Task item: Reproduce the whole listing below without its pictures, exactly as written.

===============

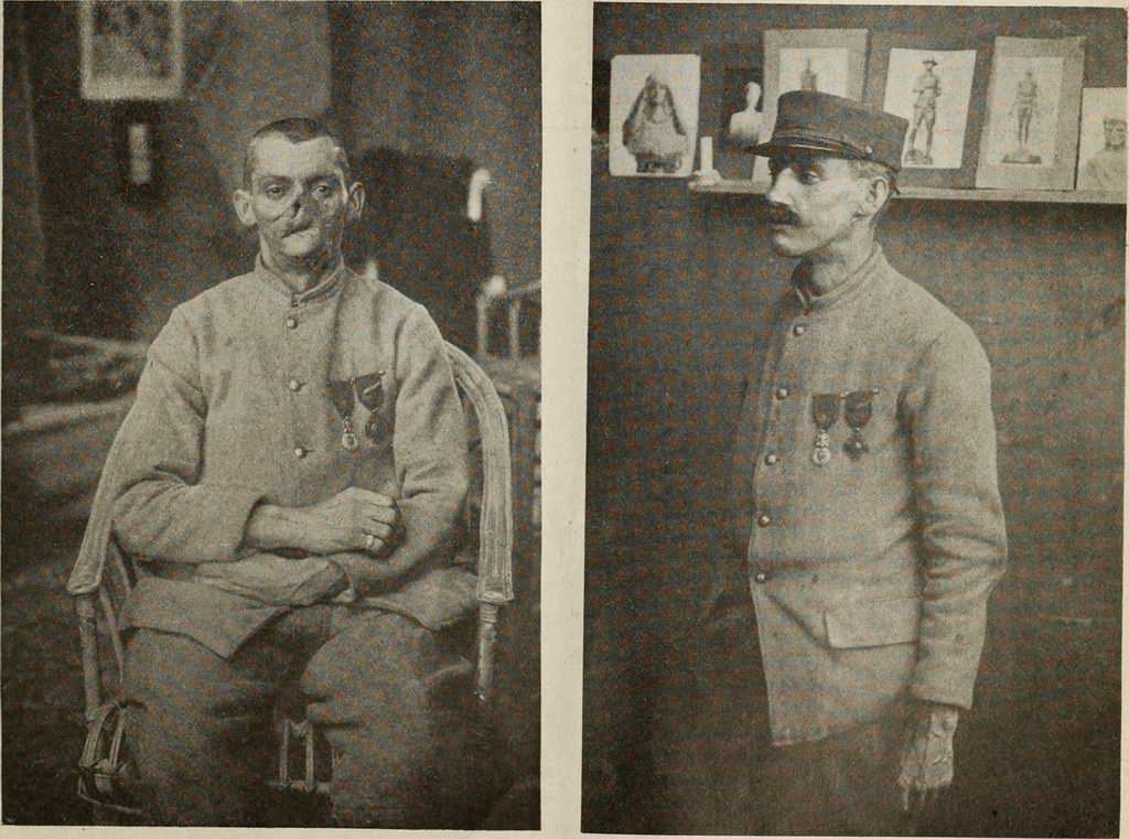 WWI was a tragic time to be a soldier given advances in military technology as well as the nature of trench warfare. Soldiers would pop their heads up out of trenches to fire off rounds or advance, leaving their heads especially vulnerable. It was also a moment in history where medical treatment was starting to get a lot better, so a lot of them suffered from terrible head wounds but survived.
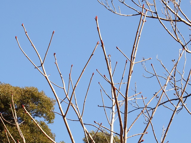 大きくて艶のある赤茶色の冬芽が印象的でした。
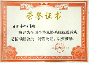 ·2008年,被評為全國各協(xié)私協(xié)系統(tǒng)抗震救災(zāi)無私奉獻會員
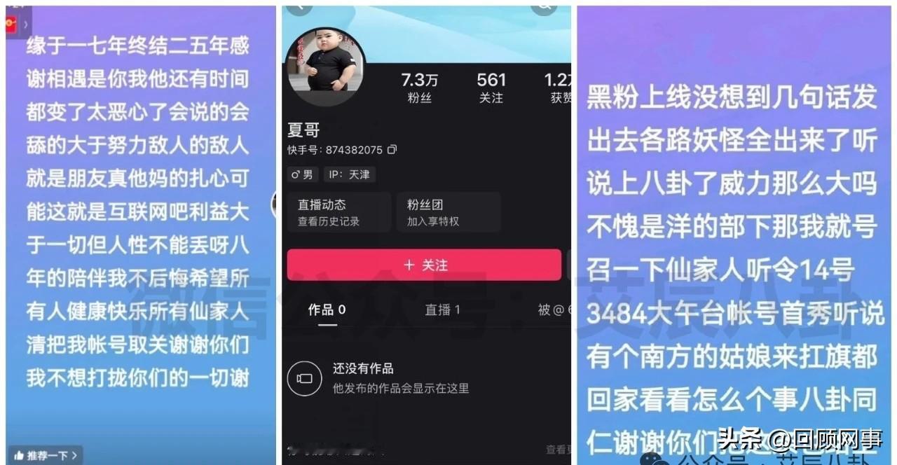 “仙家”大哥挑理闹退网,醋王被扎心连麦对话! “仙家”一位刷客夏哥不满娜美扛旗,清空所有作品闹退网!在与另一位“刷客”秋哥连麦抱怨时,仙洋加入连麦做解释说明。 夏哥坦言加入仙家唯一的心结是娜美触碰到底线,宣布消息的一刹那就绷不住了!仙洋被“夏哥”发的作品扎心(见下图),若换做黑粉不予理会,若是哪个网红敢黑我就直接摁si! 连麦中的秋哥提醒仙洋以后找对象别在网络公开,除非板上钉钉展示结婚证!在仙洋的“反向操作”哄说下,夏哥打开心结消气了!
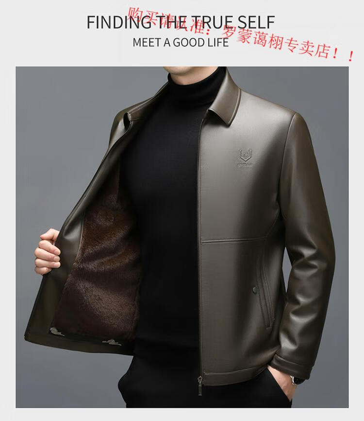 Кожаная куртка Romon с лацканами, осенне-зимняя новая тонкая куртка, мужская короткая деловая повседневная плюшевая кожаная куртка для молодежи и среднего возраста, коричневая M
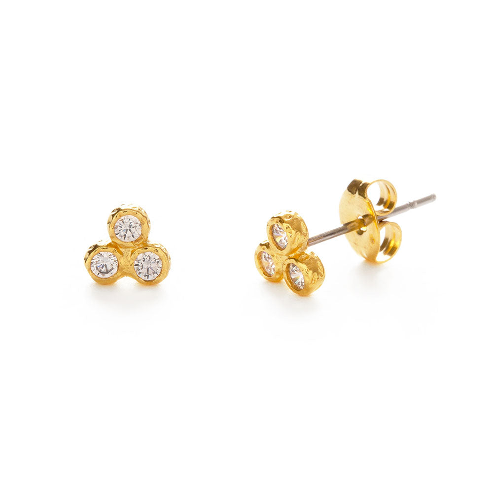 In the ancient world the number 3 was regarded as mysterious and powerful. These stud earrings with 3 Czech crystals set in 14k gold plated brass add a glint of light and sparkle to your ear stack.Surgical steel post.
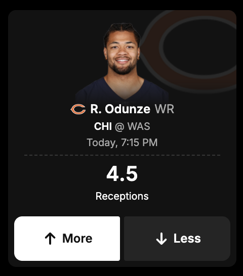 Odunze continues to be the clear focal point of the Bears’ passing attack, leading the team in target share by a wide margin and drawing at least 7 looks in every game this season. As 5.5-point underdogs heading into Washington, Chicago will likely need to lean heavily on the passing game to keep up. Fortunately, the Commanders’ secondary has been vulnerable, ranking in the bottom third of the league in passing yards allowed. That sets up nicely for Odunze to stay busy once again and rack up another strong stat line as the Bears play from behind.
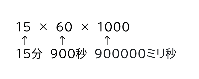 しているが、ミリ秒とは1000分の1秒となる。なので15分をミリ秒に変換
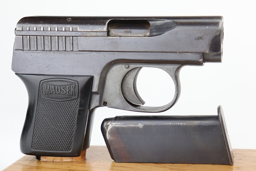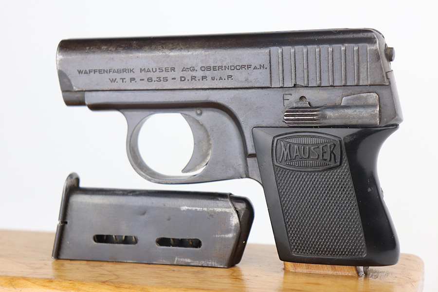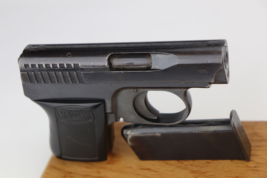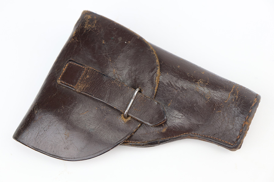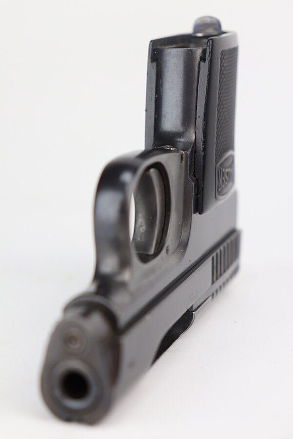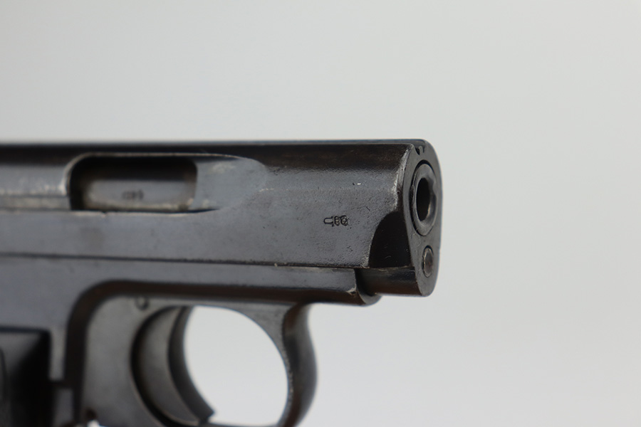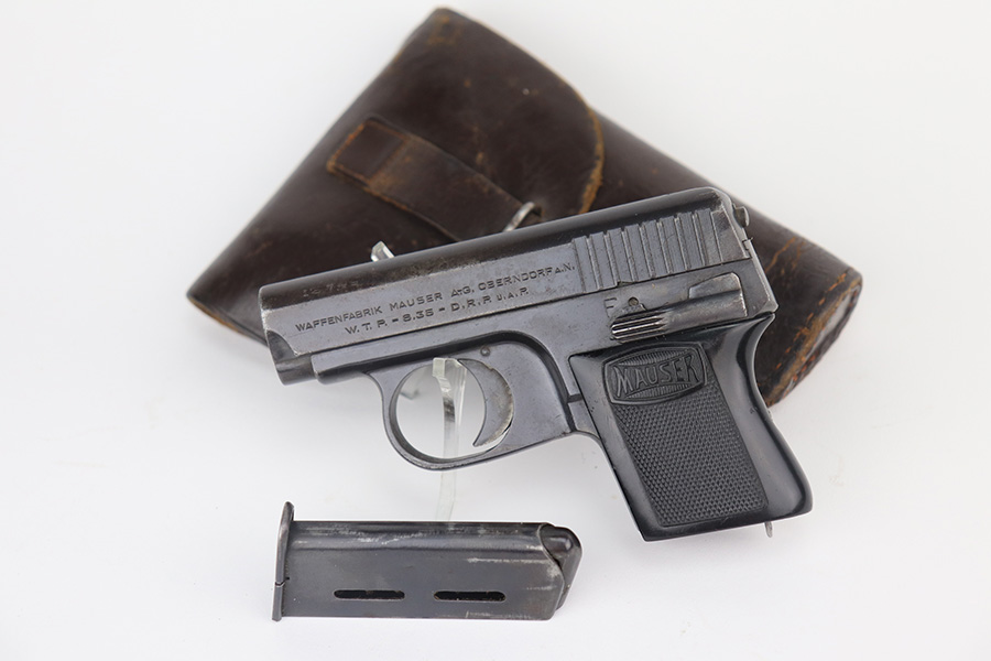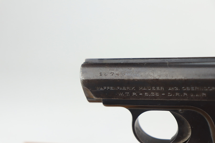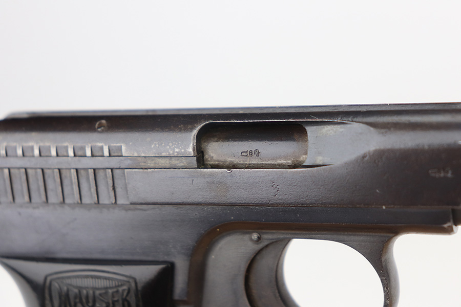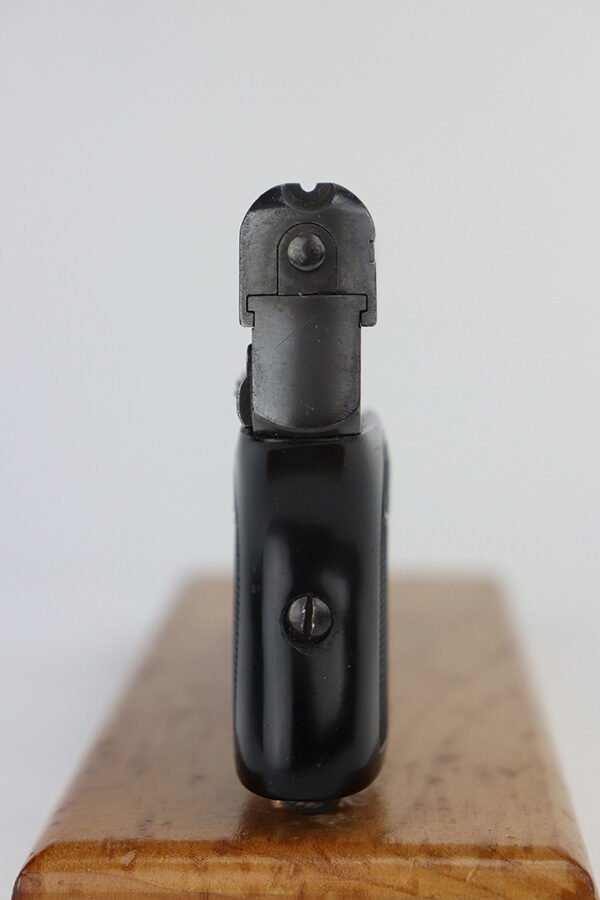 1/20/22 – This is a nice example of a second-variant Mauser WTP I manufactured in 1926. The gun is all matching and has the proper “Crown U” commercial proofs. The rig comes with a period-correct holster and one magazine. It has retained about 93% of its finish. There is light spotty wear along both sides of the slide and areas of minor pin-pricking here and there. Comes with an excellent black bakelite grip – no chips or cracks. The bore is excellent.
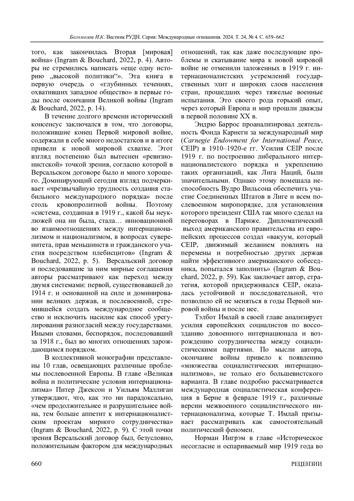 Для цитирования: Богомолов И. К. Рецензия на книгу: Beyond the Great War: Making Peace in a Disordered World / ed. by N. Ingram, C. Bouchard. Toronto: University of Toronto Press, 2022. 239 p. // Вестник Российского университета дружбы народов. Серия: Международные отношения. 2024. Т. 24, № 4. С. 659–662. https://doi. org/10.22363/2313-0660-2024-24-4-659-662
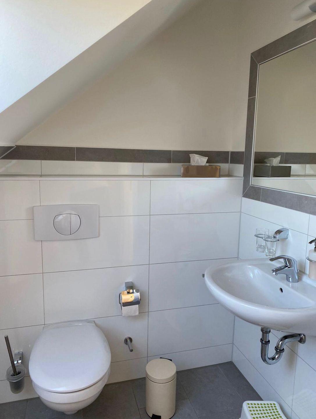 Im Dachgeschoss befindet sich ein zweites WC mit Waschtisch.
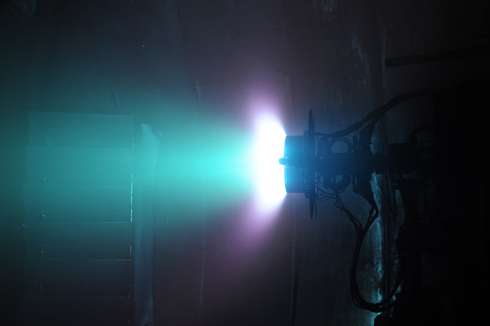 - А я сюда прикреплю фотографию работающего СПД-200 в испытательной вакуумной камере.

===============

Answer area:
 WWI was a tragic time to be a soldier given advances in military technology as well as the nature of trench warfare. Soldiers would pop their heads up out of trenches to fire off rounds or advance, leaving their heads especially vulnerable. It was also a moment in history where medical treatment was starting to get a lot better, so a lot of them suffered from terrible head wounds but survived.
 大きくて艶のある赤茶色の冬芽が印象的でした。
 ·2008年,被評為全國各協(xié)私協(xié)系統(tǒng)抗震救災(zāi)無私奉獻會員
 “仙家”大哥挑理闹退网,醋王被扎心连麦对话! “仙家”一位刷客夏哥不满娜美扛旗,清空所有作品闹退网!在与另一位“刷客”秋哥连麦抱怨时,仙洋加入连麦做解释说明。 夏哥坦言加入仙家唯一的心结是娜美触碰到底线,宣布消息的一刹那就绷不住了!仙洋被“夏哥”发的作品扎心(见下图),若换做黑粉不予理会,若是哪个网红敢黑我就直接摁si! 连麦中的秋哥提醒仙洋以后找对象别在网络公开,除非板上钉钉展示结婚证!在仙洋的“反向操作”哄说下,夏哥打开心结消气了!
 Кожаная куртка Romon с лацканами, осенне-зимняя новая тонкая куртка, мужская короткая деловая повседневная плюшевая кожаная куртка для молодежи и среднего возраста, коричневая M
 In the ancient world the number 3 was regarded as mysterious and powerful. These stud earrings with 3 Czech crystals set in 14k gold plated brass add a glint of light and sparkle to your ear stack.Surgical steel post.
 Odunze continues to be the clear focal point of the Bears’ passing attack, leading the team in target share by a wide margin and drawing at least 7 looks in every game this season. As 5.5-point underdogs heading into Washington, Chicago will likely need to lean heavily on the passing game to keep up. Fortunately, the Commanders’ secondary has been vulnerable, ranking in the bottom third of the league in passing yards allowed. That sets up nicely for Odunze to stay busy once again and rack up another strong stat line as the Bears play from behind.
 しているが、ミリ秒とは1000分の1秒となる。なので15分をミリ秒に変換
 1/20/22 – This is a nice example of a second-variant Mauser WTP I manufactured in 1926. The gun is all matching and has the proper “Crown U” commercial proofs. The rig comes with a period-correct holster and one magazine. It has retained about 93% of its finish. There is light spotty wear along both sides of the slide and areas of minor pin-pricking here and there. Comes with an excellent black bakelite grip – no chips or cracks. The bore is excellent.
 Для цитирования: Богомолов И. К. Рецензия на книгу: Beyond the Great War: Making Peace in a Disordered World / ed. by N. Ingram, C. Bouchard. Toronto: University of Toronto Press, 2022. 239 p. // Вестник Российского университета дружбы народов. Серия: Международные отношения. 2024. Т. 24, № 4. С. 659–662. https://doi. org/10.22363/2313-0660-2024-24-4-659-662
 Im Dachgeschoss befindet sich ein zweites WC mit Waschtisch.
 - А я сюда прикреплю фотографию работающего СПД-200 в испытательной вакуумной камере.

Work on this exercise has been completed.